桥身尚可通行,但桥两侧的河岸地带,尤其是南岸,沿着污浊的河水南北延伸开去,黑压压地聚集了难以计数的人群。这里的人流不似方才那般向着一个方向涌动,而是如同溃堤的蚂蚁般,杂乱无章地聚集、徘徊、挣扎。
空气中那股复杂难闻的气味更加浓烈刺鼻,还夹杂着一种难以喻的、属于绝望和死亡的沉寂气息,尽管人声依旧嘈杂,却透着一股死气。
一旁的任孔当趋前一步,来到朱慈烺身侧,声音低沉而压抑,带着难以掩饰的晦暗:“禀殿下,前方…这便是济宁城东门外,有名的‘菜人市’了。”
朱慈烺的心猛地一沉,尽管早有心理准备,但亲耳听到这三个字,亲眼看到这如同人间地狱般的场景,仍感到一股寒意自脚底窜升,瞬间席卷全身。他凝眸细细望去。
眼前所谓的“市”,绝非任何正常意义上的集市。没有固定的摊位,没有像样的货物。映入眼帘的,是沿河滩涂、废墟空地上,错三落五、密密麻麻用破烂芦席、枯树枝、高粱杆勉强搭起来的窝棚窝铺,低矮肮脏,难以蔽风雨。
人声鼎沸,却并非买卖的喧哗,而是一种更加令人心悸的嘈杂:有嘶哑着嗓子、如同买卖牲畜般锱铢必较的砍价声;有粗鲁的呵斥与不耐的催促声;有低低的、绝望的啜泣与哀求声;有骨瘦如柴的孩子因饥饿或恐惧发出的微弱啼哭;还有母亲机械地、麻木地拍哄着怀中婴儿的声音……
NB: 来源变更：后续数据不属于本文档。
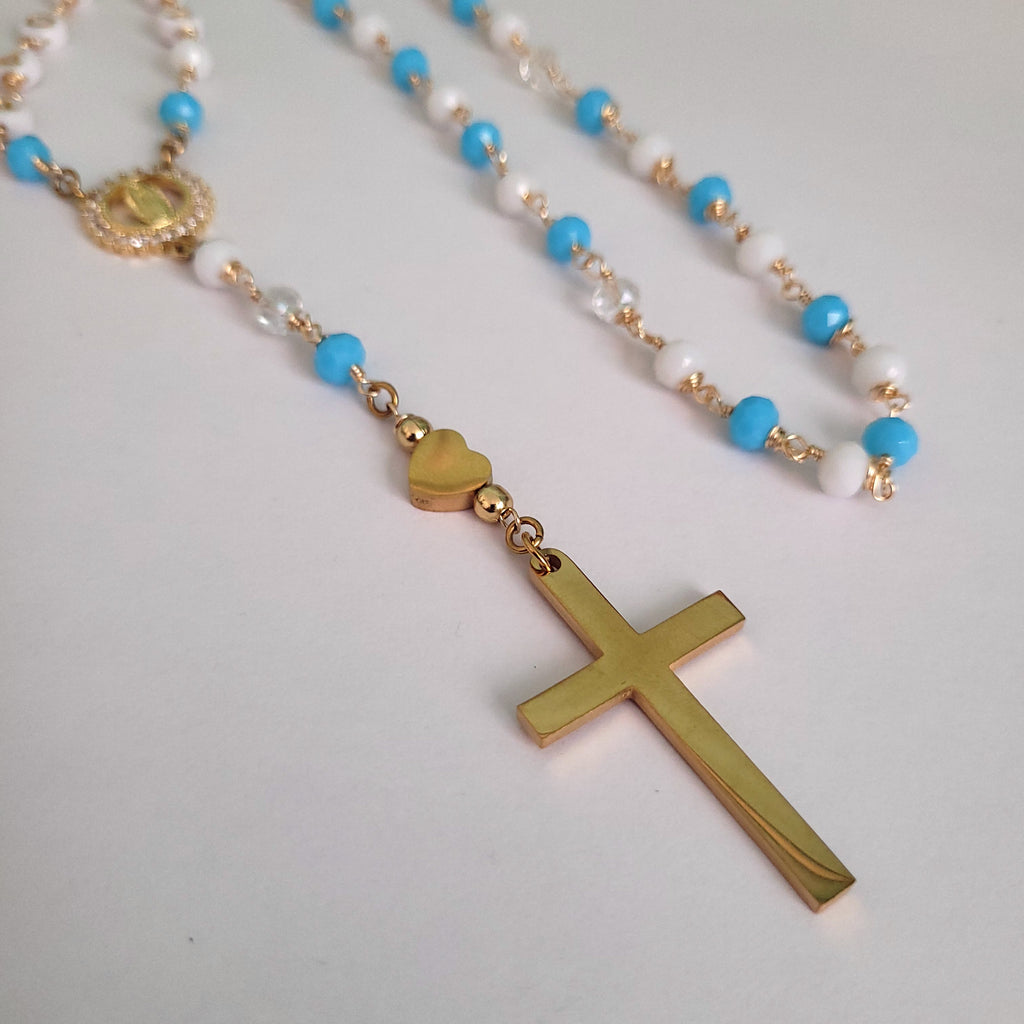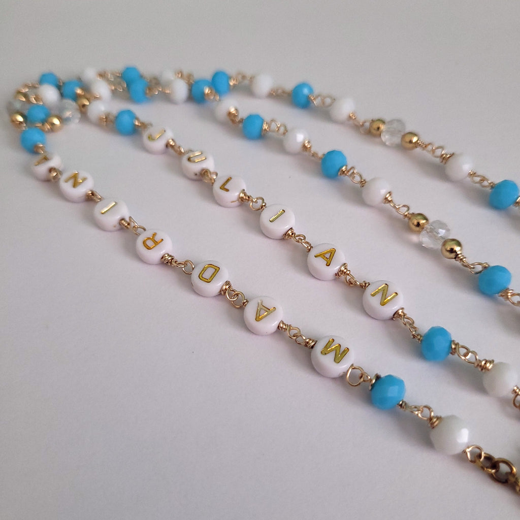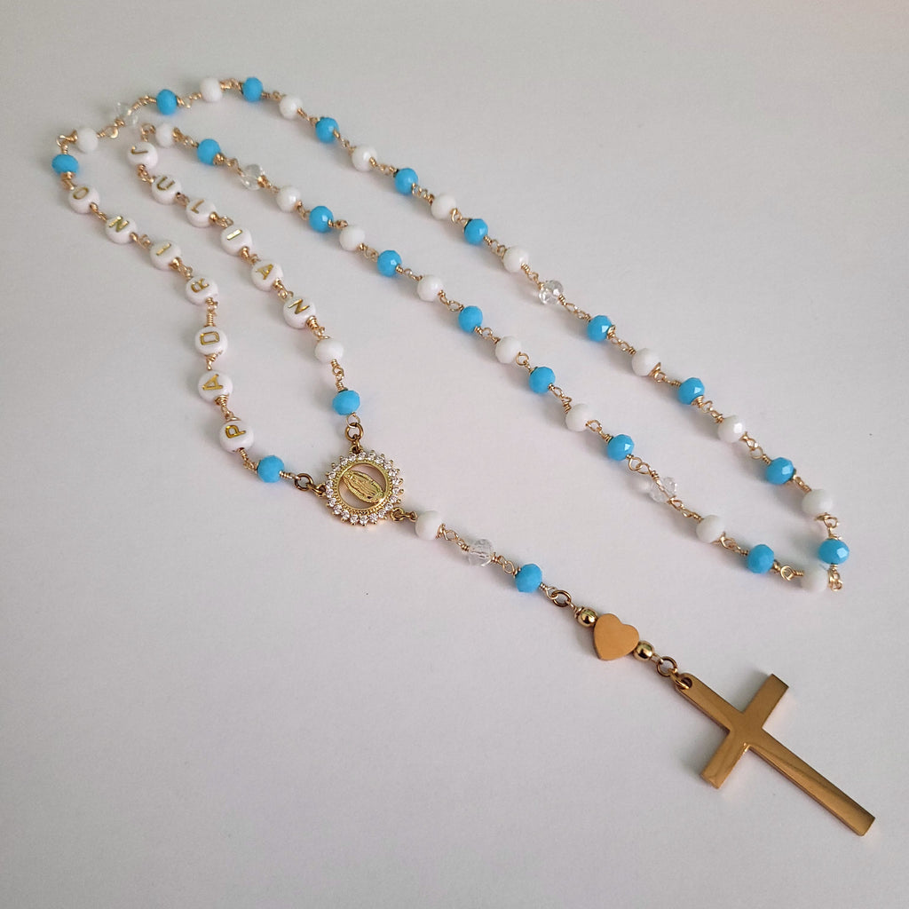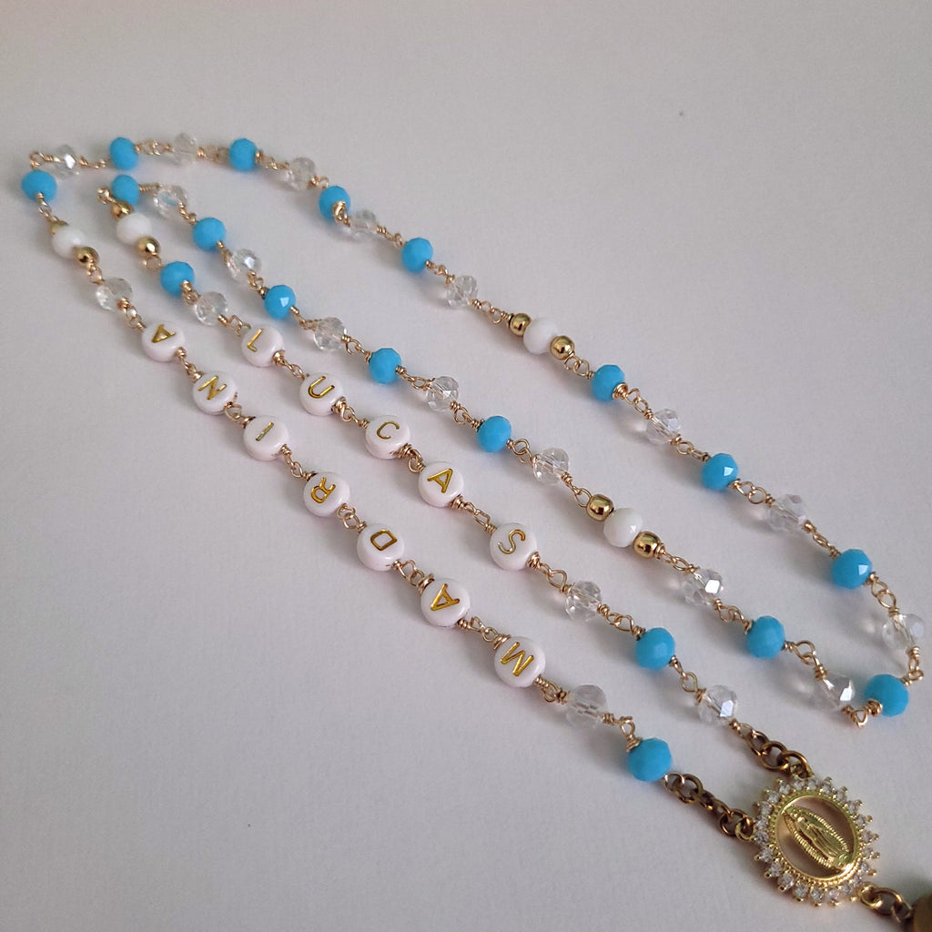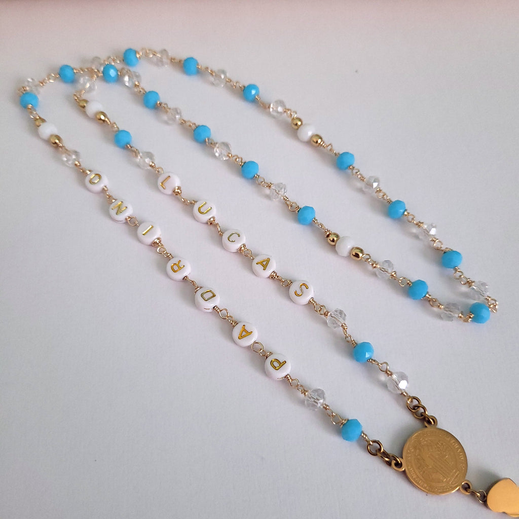 ¿Quieres tener o regalar un rosario personalizado? Con esta pieza, puedes escoger los nombres o palabras que tenga a los lados. Más hacer la combinación de hasta dos colores. Ideal para regalos de bautismo, cumpleaños o momento especial.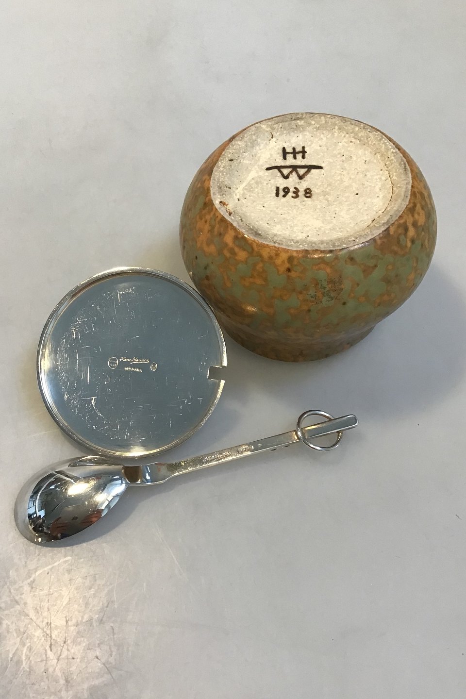 Bode Willumsen Hans Hansen Jam Jar Sterling Silver Lid and Spoon Jam Jar made of stoneware decorated with bird egg glaze in golden shades. Underneath sign. Bode Willumsens and Hans Hansens monogram 1938, lid and spoon of Sterling Silver made at Hans Hansen af Karl Gustav Hansen, lid hallmarked 1939. H. 8,5 cm.(3.34 in) incl. finial, Diam 10 cm(3.93 in) Inside with hairline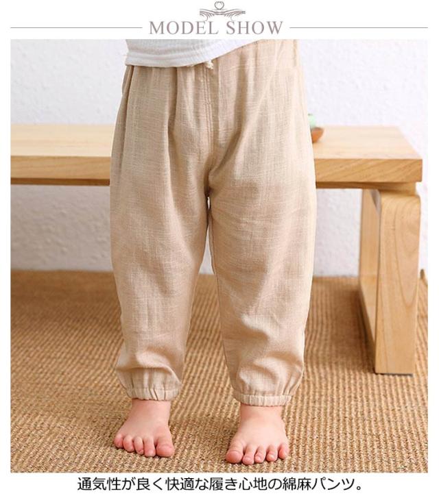 2枚セット 綿麻 パンツ キッズ 男の子 女の子 ベビー 子供 リネン 虫よけ ロングパンツ 半ズボン ハープパンツ ロング パンツ 春夏 薄手 長ズボン ウエストゴム 蚊よけパンツ ルームウェア サルエルパンツ 部屋着 無地 赤ちゃん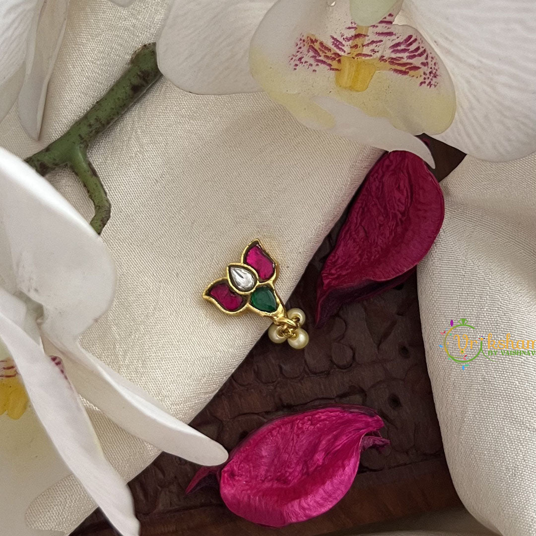 Introducing the Vriksham Lotus Kundan Nath, designed with intricate red, white, and green kundan stones. Adorned with lustrous pearls, this piece exudes elegance and luxury. Perfect for special occasions, this nath will elevate your style and make you stand out. Embrace the beauty of the lotus with this exquisite piece.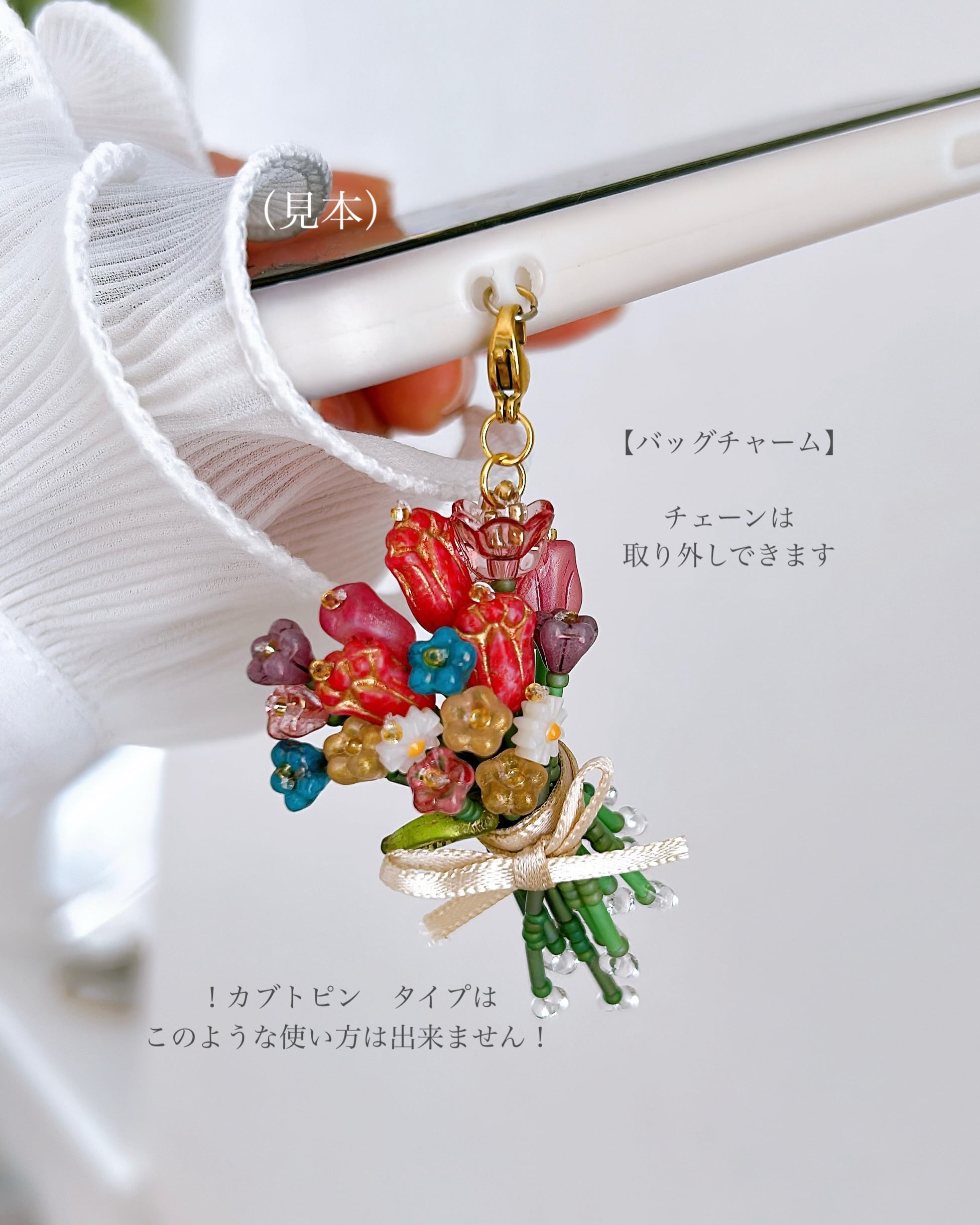 ○ガラスのビーズを使っていますので、お取り扱いにはご注意ください。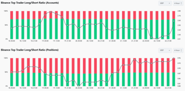 Using data from Binance, the cryptocurrency exchange leader, CW has disclosed a rapid increase in XRP positions from top traders. When investors start to open longs again, it may suggest that they are positioning ahead of a potential bounce.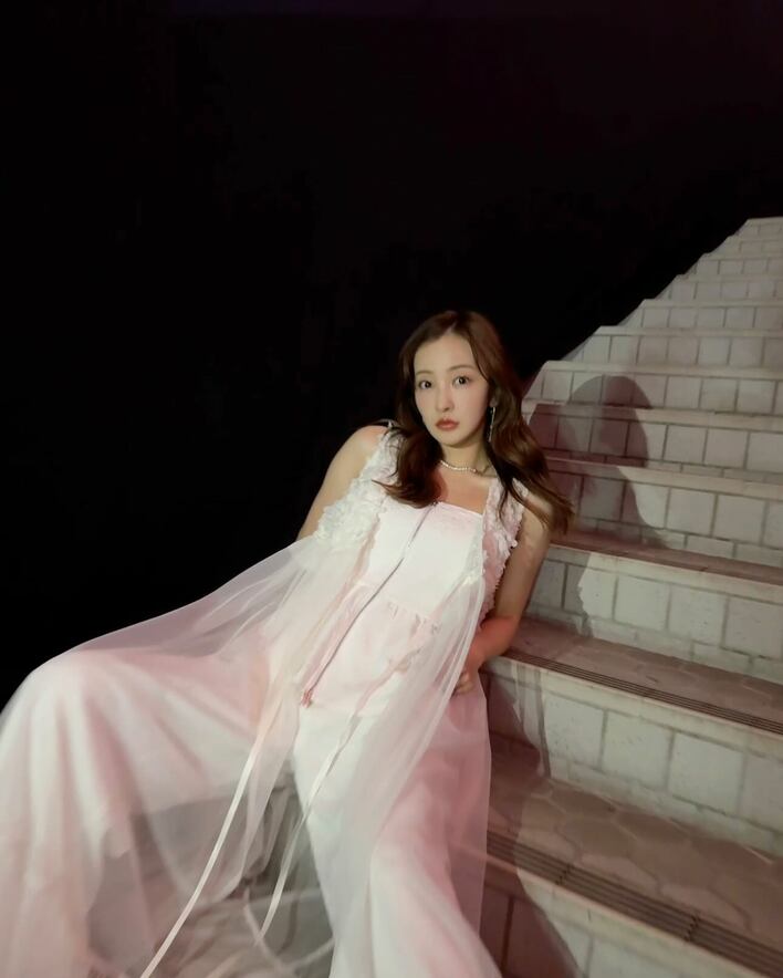 公開された写真には、階段に座りバッチリカメラ目線を決める板野さん。ゆるっと巻いたヘアスタイルで、全身真っ白の衣装に身を包んでいます。
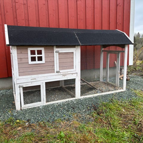 Vi måtte bygge større hønehuset da flokken vokste så nå har vi ett av typen Kaklebu som ikke brukes lenger. Må hentes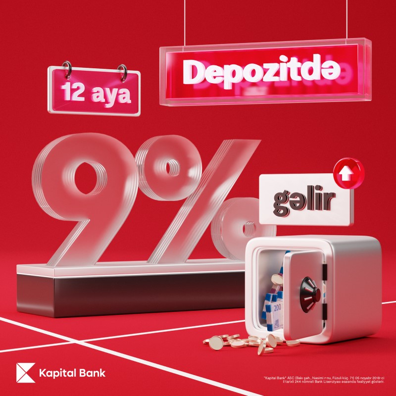 AZN valyutası ilə depozitlərdə yeni kampaniyaya start verilib. 31 yanvar 2024-cü ilədək aktual olacaq kampaniyanın şərtlərinə əsasən müştərilər 12 aylıq 9% gəlir əldə edirlər. Depozit üçün minimum 500 manat olmaqla istənilən qədər məbləği banka əmanət etmək mümkündür. Kapital depoziti ilə yüksək faiz əldə etməklə yanaşı əmanət məbləğini minimum 100 manat məbləğində artırmaq olar. Faizlər aylıq və ya müddətin sonunda təqdim edilir. Sığortalanan məbləğin həcmi isə 100 000 manatdır.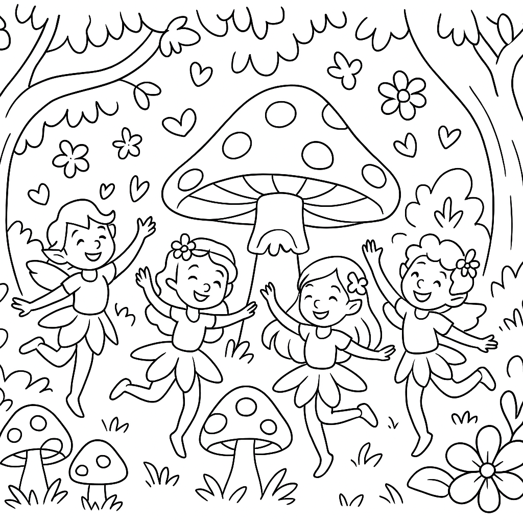 A medium coloring page featuring forest sprites dancing around mushrooms in a spring woodland. Perfect for kids (6-9) with moderately detailed outlines for a fun coloring experience.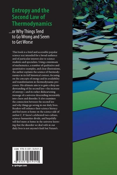This book is a brief and accessible popular science text intended for a broad audience and of particular interest also to science students and specialists. Using a minimum of mathematics, a number of qualitative and quantitative examples, and clear illustrations, the author explains the science of thermodynamics in its full historical context, focusing on the concepts of energy and its availability and transformation in thermodynamic processes. His ultimate aim is to gain a deep understanding of the second law-the increase of entropy-and its rather disheartening message of a universe descending inexorably into chaos and disorder. It also examines the connection between the second law and why things go wrong in our daily lives. Readers will enhance their science literacy and feel more at home on the science side of author C. P. Snow's celebrated two-culture, science-humanities divide, and hopefully will feel more at home in the universe knowing that the disorder we deal with in our daily lives is not anyone's fault but Nature's.
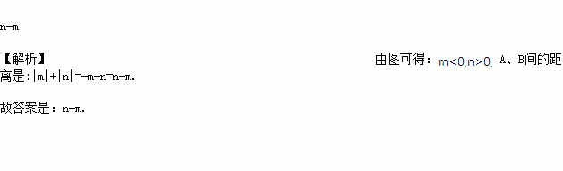 如图,点A、B在数轴上对应的数分别为m、n,则A、B间的距离是__________________(用含m、n的式子表示)

从兖州、临清、德州、河南、甚至更远的山西陕西等地逃难而来的难民,如同被命运的洪流冲刷到此地的渣滓,聚集于此。他们个个面黄肌瘦,眼窝深陷,衣衫破烂得难以遮体,许多人裸露的皮肤上布满污垢和不明的疮疤。
有的蹲在三块石头架起的简易灶台前,烧着黑黢黢、不知是何物的糊状吃食,烟气呛人;有的直接在太阳底下,机械地捉着破衣烂衫里的虱子;有的瑟缩在角落,小口小口地啃着不知从哪里乞讨来的、已经发硬变味的冷饭团子,眼神空洞;还有的只是呆呆地坐着,望着浑浊的河水,仿佛已经失去了所有的希望和反应。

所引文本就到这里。